1.3 法務は実は何も分かっていない!

 法務部門、弁護士というのは実はビジネスや技術のことは何も分かっていないと考えるのが良いでしょう。会社の内部部門であるなら、常識として会社の組織やビジネスの内容は理解していると考えてもいいかもしれませんが、それ以上のことは期待できません。

 考えてみましょう。ある会社と契約を締結したいと考えたときに、お金をいくら払うかを決めるのはどの部署でしょうか。契約書の条件によっては金額が変わってきます。契約を締結した後に、契約書に従って業務を行うのはどの部署でしょうか。その契約にトラブルがあったときに責任を問われるのはどの部署でしょうか。その契約で会社の売り上げが上がったときに、お給料に一番反映されるのはどの部署でしょうか。

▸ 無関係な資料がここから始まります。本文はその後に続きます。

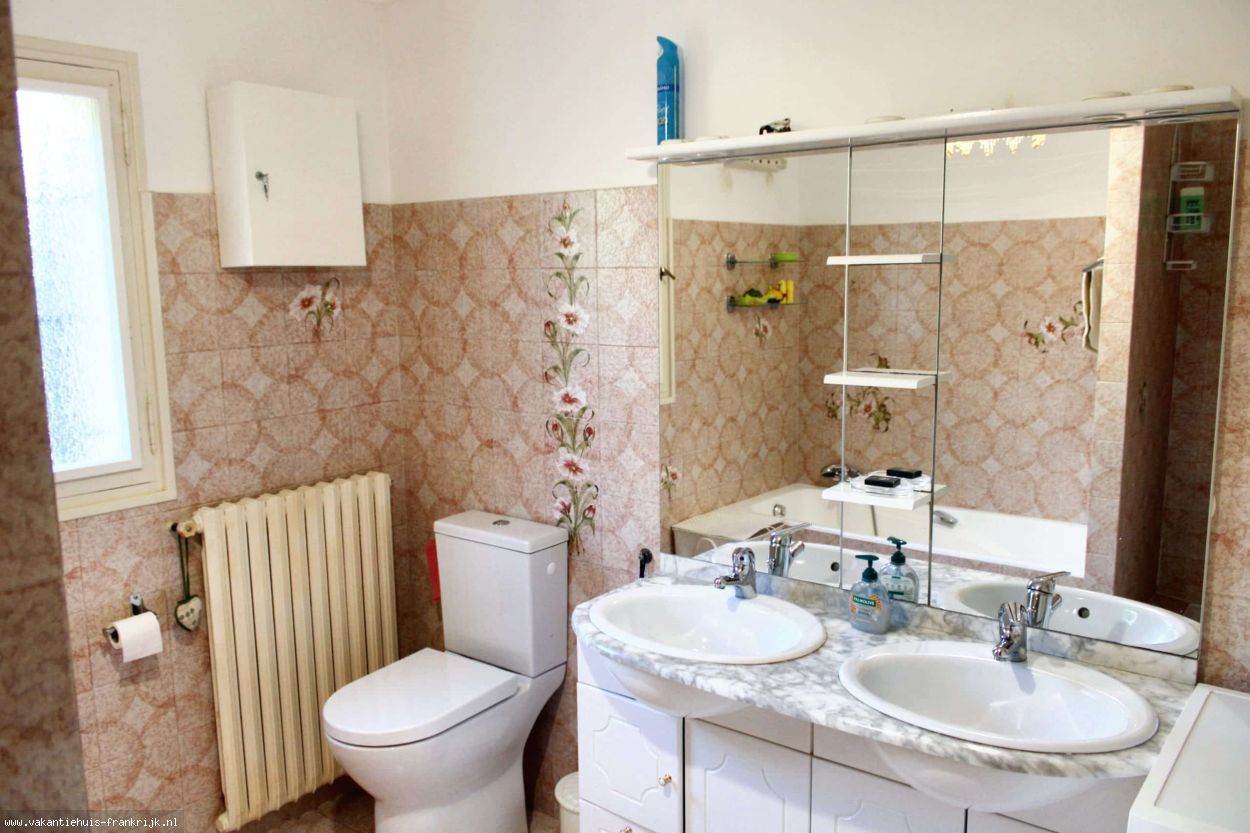 Slaapkamer 2 en 3 hebben elk een tweepersoonsbed en delen een badkamer met dubbele wastafel, ligbad, douche en toilet.

 法務部も弁護士も関係ありません。実際にビジネスを行う部門(営業部門やシステム部門)が責任をとり、報酬を受け取ります。その契約書に従ってビジネスが行われるかどうかの責任を負っているのはビジネスを行う部門で間接部門ではないのです。ましてや、外部の弁護士ではありません。報酬に関係ないところに興味のある人間や素養のある人間というのはとても少ないものです。あたなもそうではないでしょうか。

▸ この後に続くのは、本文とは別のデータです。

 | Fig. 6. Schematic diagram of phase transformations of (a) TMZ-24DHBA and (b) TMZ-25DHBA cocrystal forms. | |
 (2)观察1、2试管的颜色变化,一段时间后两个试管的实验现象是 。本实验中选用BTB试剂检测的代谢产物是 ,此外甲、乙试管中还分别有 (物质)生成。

 では、法務部門や弁護士というのはどんな仕事をしてくれるのでしょうか。それは、あなたが契約書を理解するための手助けをしてくれるのです。難解な法律用語や、ぱっと読んでも意味がわからず巧みに逃げて表記してあるところを「こういう風に解釈できますけど大丈夫ですか?」とあなたに確認をしてくれます。また、あなたがいい契約書への表現方法を思いつけないときは、あなたに代わって簡潔で誤解しようのない表現を考えてくれます。相手の契約書にどう返答していいか分からないときには、経験のある人間なら過去の似たような事例から提案をしてくれます。あくまであなたの手助けをしてくれるだけなのです。あなたに代わって何かを判断してくれるわけではありません。リスクをとってくれるわけでもありません。あなたがすべきことを代わりにしてくれるわけではありません。

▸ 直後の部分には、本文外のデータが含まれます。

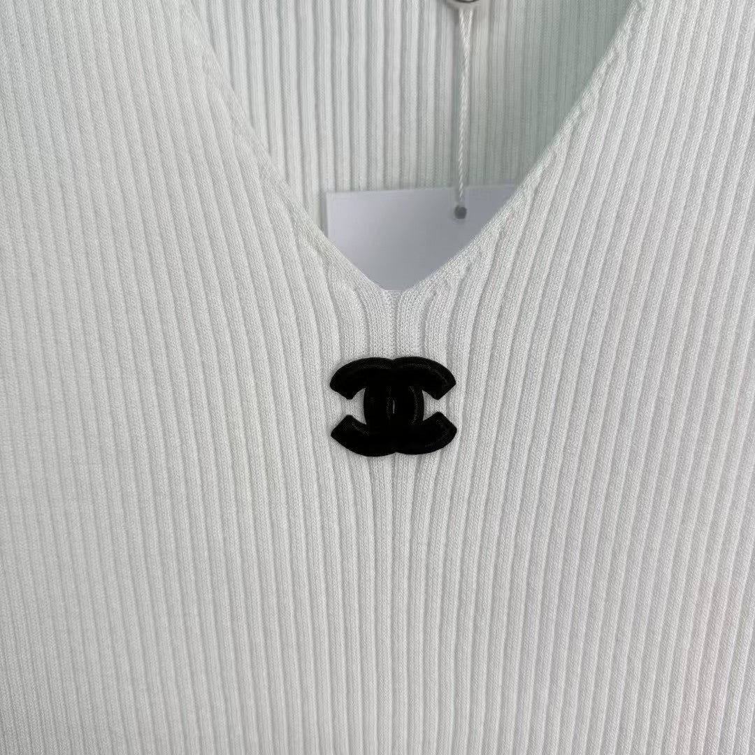 2025 Spring and Summer V-neck knitted short sleeves! Paired with flocked logo pattern to highlight the brand tone, just the right amount of skin exposure to highlight the gentle and mature charm, fitted version, the first choice for daily commuting and dating!

 契約書に技術的に難解なことや、SEが行うべきことが書いてあるのにもかかわらず、「法務や弁護士が読んでいるから自分が読む必要がない」と判断したり、「法務や弁護士が問題ないといっているから問題ないのだ」と判断したりしても、いざというときに法務も弁護士も責任はとれません。契約書に違反したとして責任を問われるのはSEです。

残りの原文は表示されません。